*** Given information Section Begins ***

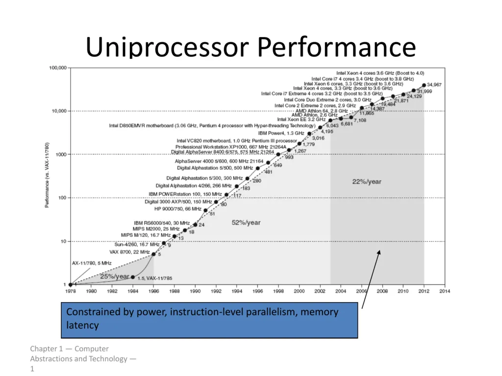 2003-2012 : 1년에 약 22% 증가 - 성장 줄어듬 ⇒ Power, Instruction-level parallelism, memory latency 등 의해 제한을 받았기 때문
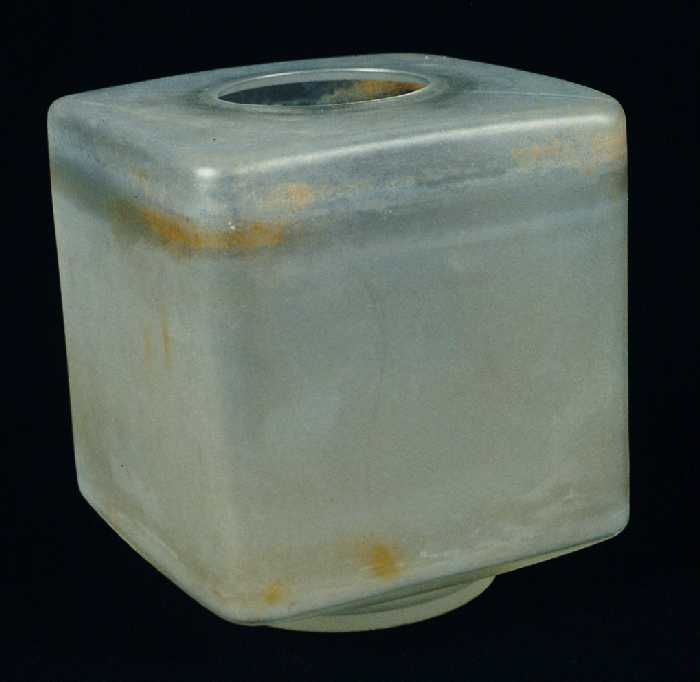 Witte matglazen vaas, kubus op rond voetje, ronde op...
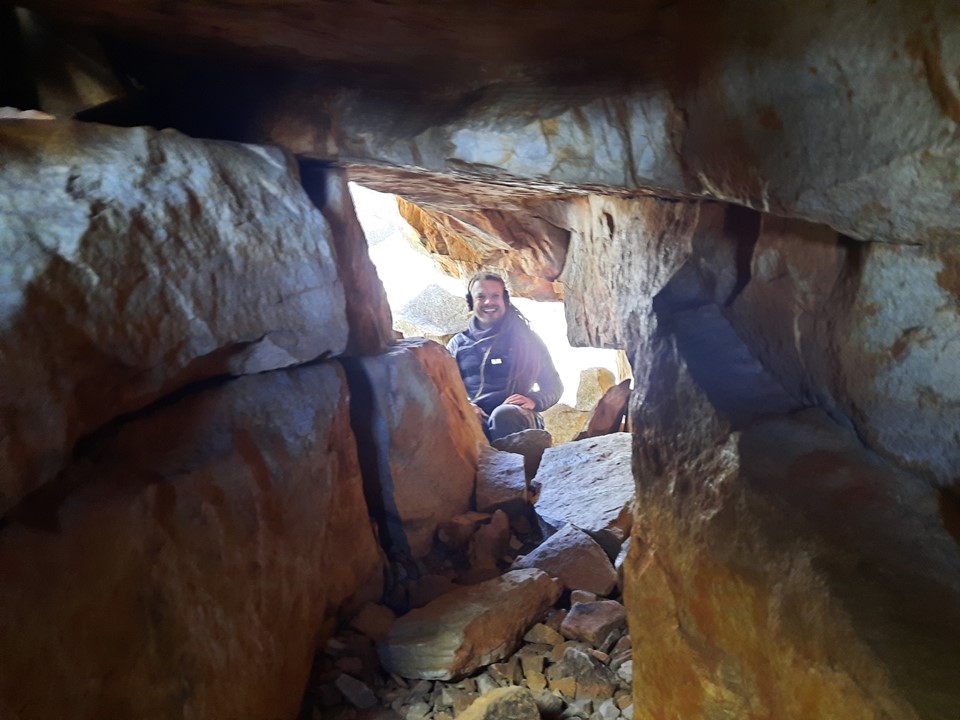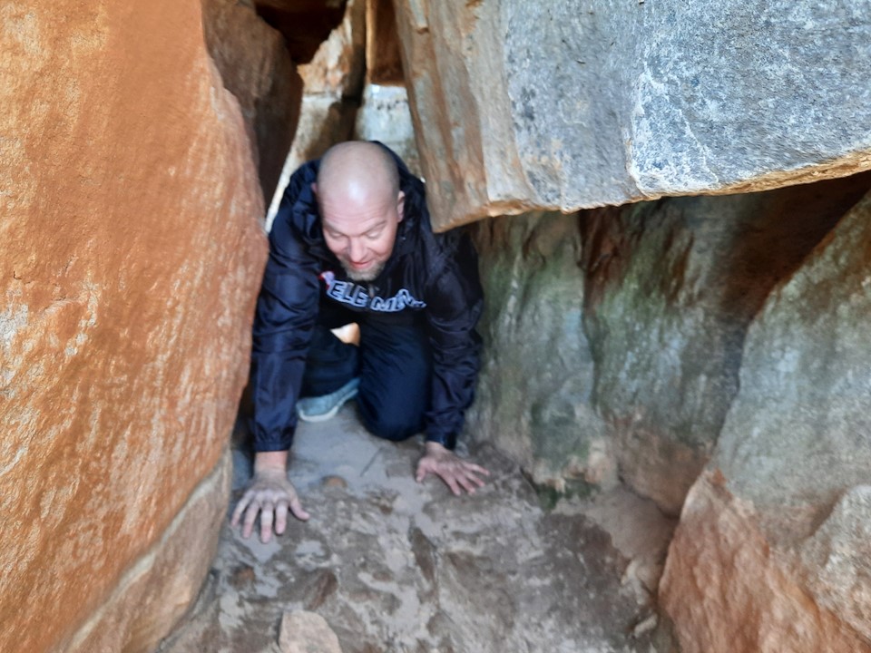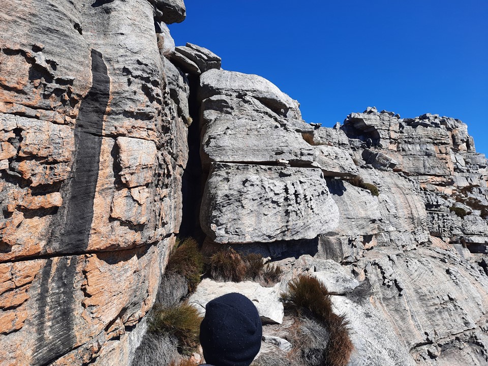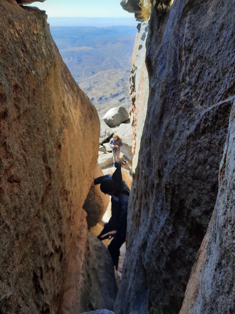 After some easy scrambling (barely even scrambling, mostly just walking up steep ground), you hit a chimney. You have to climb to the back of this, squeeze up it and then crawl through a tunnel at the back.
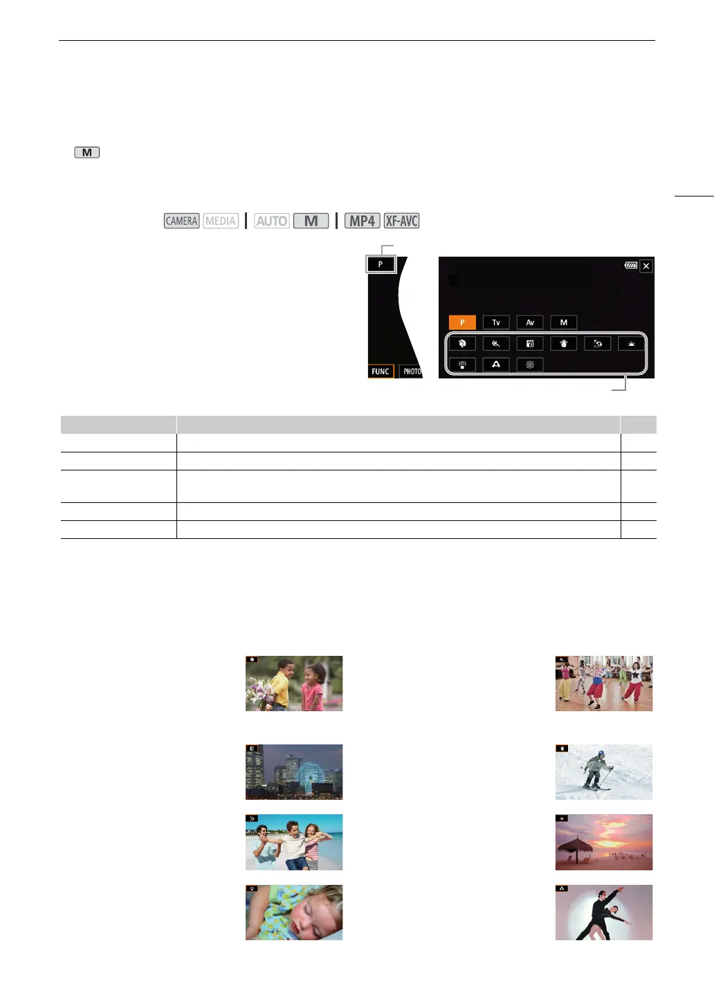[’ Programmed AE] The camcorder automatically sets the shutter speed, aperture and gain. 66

*** Given information Section Ends ***

● Exercise
Could the data above be reproduced exactly, with the pictures left out?

● Answer box
 2003-2012 : 1년에 약 22% 증가 - 성장 줄어듬 ⇒ Power, Instruction-level parallelism, memory latency 등 의해 제한을 받았기 때문
 Witte matglazen vaas, kubus op rond voetje, ronde op...
 After some easy scrambling (barely even scrambling, mostly just walking up steep ground), you hit a chimney. You have to climb to the back of this, squeeze up it and then crawl through a tunnel at the back.
[’ Programmed AE] The camcorder automatically sets the shutter speed, aperture and gain. 66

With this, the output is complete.